Galaxy Australia events
HPC COVID-19 Australian Response Showcase
Organised by Pawsey Supercomputing Centre
Friday July 31 15:00-17:00 (AEST) 13:00-15:00 (AWST)
PRINCIPAL INVESTIGATOR: Dr Gareth Price, QCIF Facility for Advanced Bioinformatics.
Gareth manages the diverse spectrum of researcher lead questions involving genomic data, provides training in genomic data analysis, as well as leading the Galaxy Australia as Platform Manager. Gareth has 20 years’ experience as a Bioinformatician and Genomics Scientist.
PROJECT: Galaxy Australia COVID-19 Dedicated Pulsar
Galaxy Australia relies on remote (to head node) deployments called Pulsar to increase the range and number of jobs that can be run on the service. The team has been allocated resources on the Nimbus cloud to deploy a dedicated COVID-19 Pulsar as part of Galaxy Australia at the Pawsey Centre that allows Galaxy users to rapidly analyse their data on published tools/workflows to further research into SARS-CoV-2.
PRINCIPAL INVESTIGATOR: A/Prof.
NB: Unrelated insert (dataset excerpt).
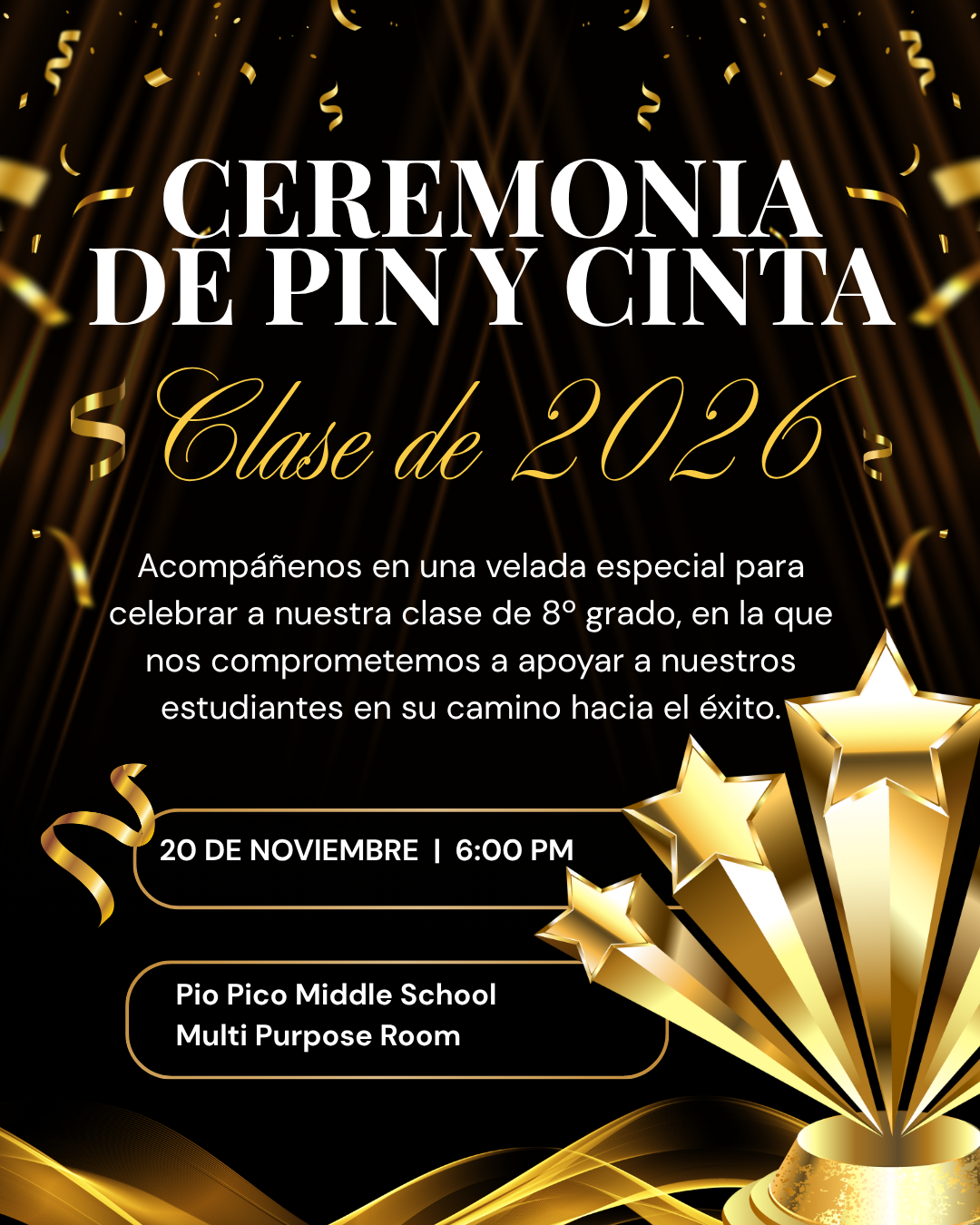 ¡Hola Panteras! Invitamos a nuestros estudiantes de 8.º grado y a sus familias a acompañarnos en una noche dedicada a ustedes. ¡Hablaremos sobre las expectativas, las actividades planeadas para el próximo semestre y mucho más!

Megan O’Mara, Australian National University
Megan studied medical science and worked in pathology labs before returning to university to study physics. Her research uses computer simulations to understand how proteins in the cell membrane act as “molecular machines” to transmit information across the membrane; and how we can design more effective pharmaceutical drugs to treat conditions such as chronic pain, chemotherapy resistance, antibiotic resistance and more recently, Covid-19.
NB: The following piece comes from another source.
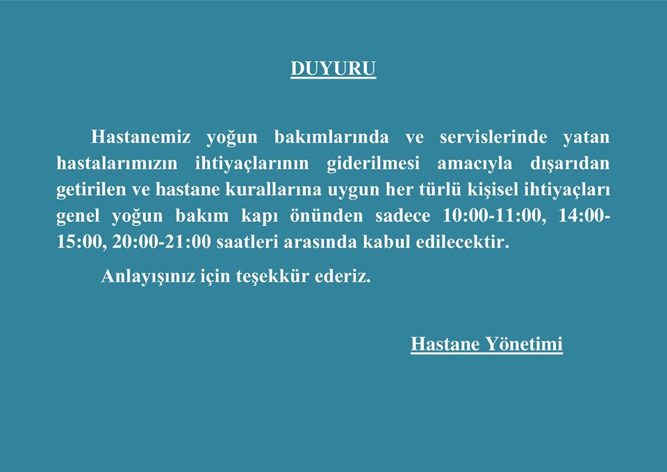 Hastanede yatan hastaların ihtiyaçlarını karşılamak için dışarıdan getirilen malzemeler hastane yönetiminin belirlediği saatlerinde dışında kabul edilmeyecek. İşte yapılan açıklama;

PROJECT: Using large-scale molecular dynamics for rational drug design This research uses simulations of the around 800,000 atoms that make up a key receptor of the human body to understand exactly how the coronavirus uses it to invade human cells. It is only with high-resolution modelling that accurately replicates the true behaviours of these receptors that we can figure out where vulnerabilities in the virus’ binding process are. Targeting the interaction between the human receptors and the coronavirus binding protein might well be a useful direction for drug design. This project will produce world-first vital information about regions of the receptors that could be potential vaccine or drug targets. Using 48 processors running for 19 days for each of 64 molecular simulations, this research will spend around 13 million units of computing time in the coming months. This amount of high-performance computing is only available on NCI’s new Gadi supercomputer.
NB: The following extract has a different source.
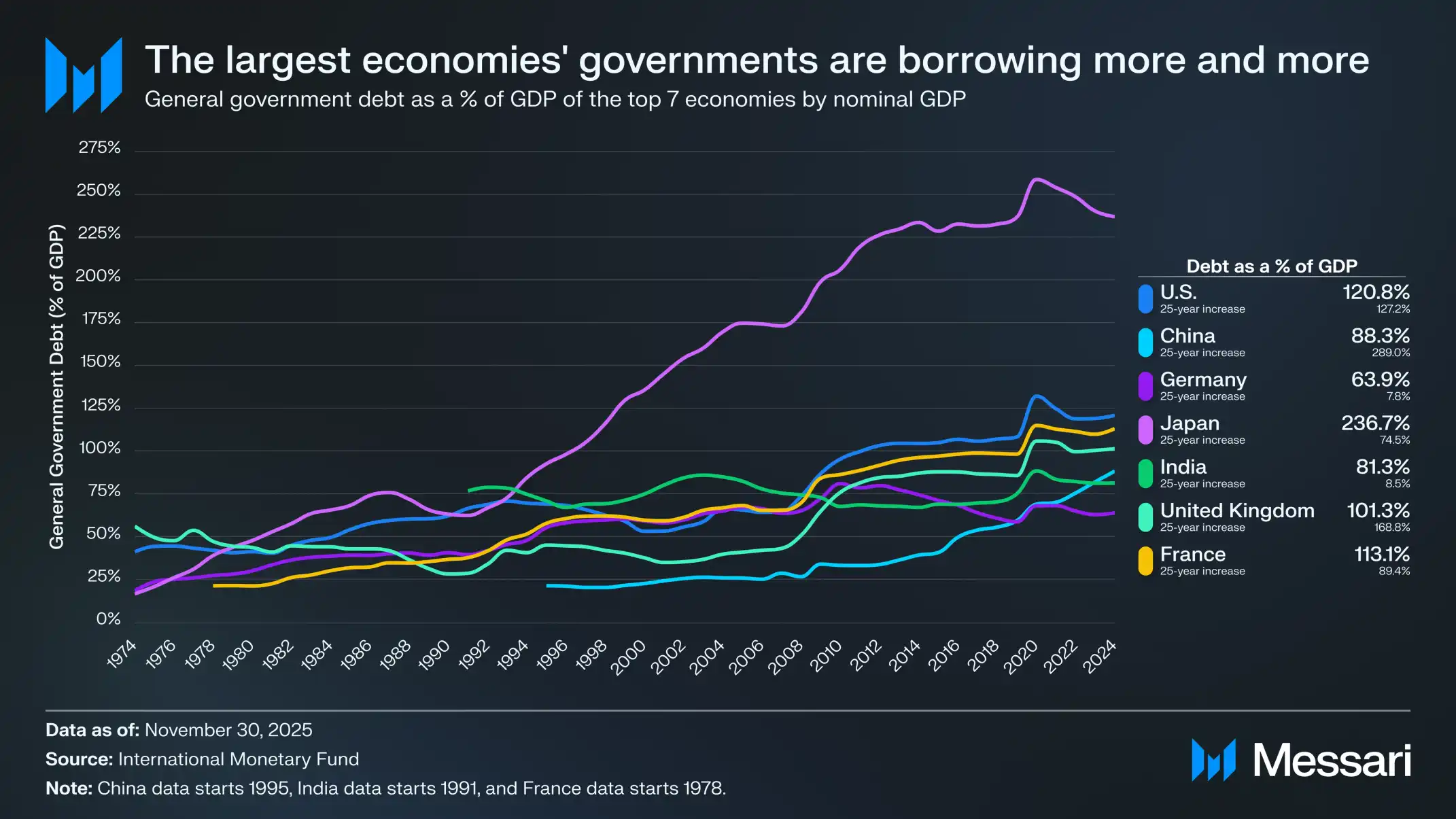 在过去四分之一个世纪里,全球主要经济体的政府债务相对于 GDP 的水平普遍大幅上升。作为全球体量最大的两个经济体,美国与中国的一般政府债务占 GDP 的比例,分别增长了 127% 和 289%。无论政治体制如何、增长模式如何变化,政府债务持续扩张已经成为全球金融体系的一种结构性特征。

PRINCIPAL INVESTIGATOR: Dr Tom Karagiannis Monash University
Tom’s PhD studies were aimed at developing DNA-targeted cancer therapies, these were continued during post-doctoral studies in the Molecular Radiation Biology Laboratory. Tom headed the Epigenomic Medicine Laboratory at the Alfred Medical Research and Education Precinct; Baker Heart and Diabetes Institute and currently at Monash University. In addition, he has been involved in teaching at the Department of Pathology, University of Melbourne.
PROJECT: Molecular modelling COVID-19 targets
The team has been allocated GPU resources on Topaz for COVID-19 targets molecular modelling. In the absence of a vaccine, one of the key immediate research areas is repurposing existing compounds with potential antiviral effects. The research project aims to provide a molecular basis for known antivirals and identify any new ligands which may offer a protective effect.
PRINCIPAL INVESTIGATOR: Associate Professor Michael Wise, The University of Western Australia
Michael is a computer scientist working in computational biology since the early 1990s. His early contributions related to in silico investigations ranging from the plant desiccation tolerance protein LEA to low complexity and natively unfolded proteins. For the last several years he is mostly involved with microbial informatics, and is particularly interested in the evolutionary biology of microbial species, and viruses
PROJECT: SARS, SARS-Cov-2 and MERS are the Same Viral Species, Clades within Bat Beta-Coronaviruses
SARS-CoV-2 and SARS are human coronaviruses of zoonotic origin first transferred from bats to humans in China, regarded as sister clades within the viral species Severe Acute Respiratory Syndrome-Related Coronavirus. A chain of bat beta-coronavirus strains links SARS and SARS-CoV-2. Here I report phylogenetic tree reconstructions in which SARS and SARS-CoV-2 are placed together with related bat strains. We see that single-species models are favoured over speciation models. This is also the case when the phylogenetic trees are computed for MERS and its related beta-coronaviruses in camels, bats and hedgehogs.
Remarkably, single species models still apply even when the datasets are combined across their shared core-proteome. Dated phylogenetic reconstructions suggest that both SARS-like and MERS-like beta-coronaviruses have been circulating for many years, and the population has been largely constant.